This morning, while listening to the radio I heard the following two items of interest:

The director of this year’s Young Writer’s Festival in Newcastle NSW, Nick Powell, was asked how the opening day went on Saturday and he declared enthusiastically that ‘it literally blew my mind!’

No, Nick, it really didn’t, because you’re talking to us on the radio. If it literally blew your mind you’d most likely be in a cold metal cabinet with a tag on your toe, and someone would be sloshing liberal quantities of Clorox over the Writer’s Festival office floors. It figuratively blew your mind, perhaps, and it seems to me that if it is incumbent on anyone to know difference between those two things it should be the director of a Writer’s Festival for chrissakes.

On the same show, reviewer Geoff Page dispensed some pearls of wisdom about poet Jane Gibian’s new collection Ardent.

There is considerable range here, from the mystery of the title poem… through certain semi-satirical works… to several impressive haiku and tanka sequences. These latter forms can be a trap for younger poets who take them to be easier to write than they are, especially since, quite reasonably these days, we ignore the strict syllabic requirements of the Japanese.

Whoa there boy!

When did it become quite reasonable to abandon the strict syllabic requirements of the haiku? I said it before about limericks, and I’ll say it again about haiku: you can forget all about the structure of the form if you like, but then the thing you’re writing is not a haiku!. It is a short non-rhyming poem. Or, being charitable maybe, a short haiku-like poem. BUT IT IS NOT A HAIKU.

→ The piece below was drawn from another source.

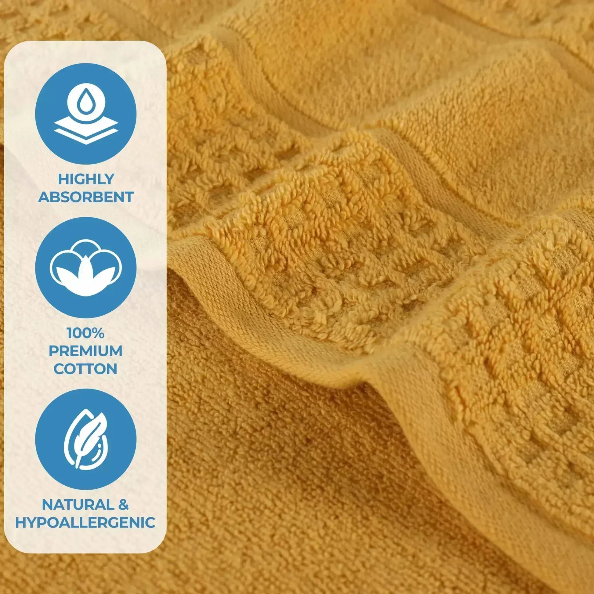 Indulge in exquisite relaxation and pamper yourself with our Napa 8 Piece Towel Set. These naturally soft cotton towels are crafted with a zero twist technique for a more absorbent and luxurious quality towel. Displaying a textured waffle honeycomb border, bring unique style to you guest or master bathroom with this set of bathroom essentials. Each towel is finished with secure hemmed edges to avoid fraying and a durable single-ply to withstand countless washes. Featuring a hanging loop on each piece, enjoy both convenience and comfort with this versatile set.

Allow me to draw an analogy: an elephant is a big heavy grey mammal with four solid legs and a fearsome demeanour. If we ‘ignore the strict descriptive requirements’ of the biologists we could call it a rhinoceros. Indeed, an elephant even bears some superficial resemblances to a rhinoceros, but I put it to you Mr Page: you may disagree with the biologists about what it is, but that does not actually change anything in reality.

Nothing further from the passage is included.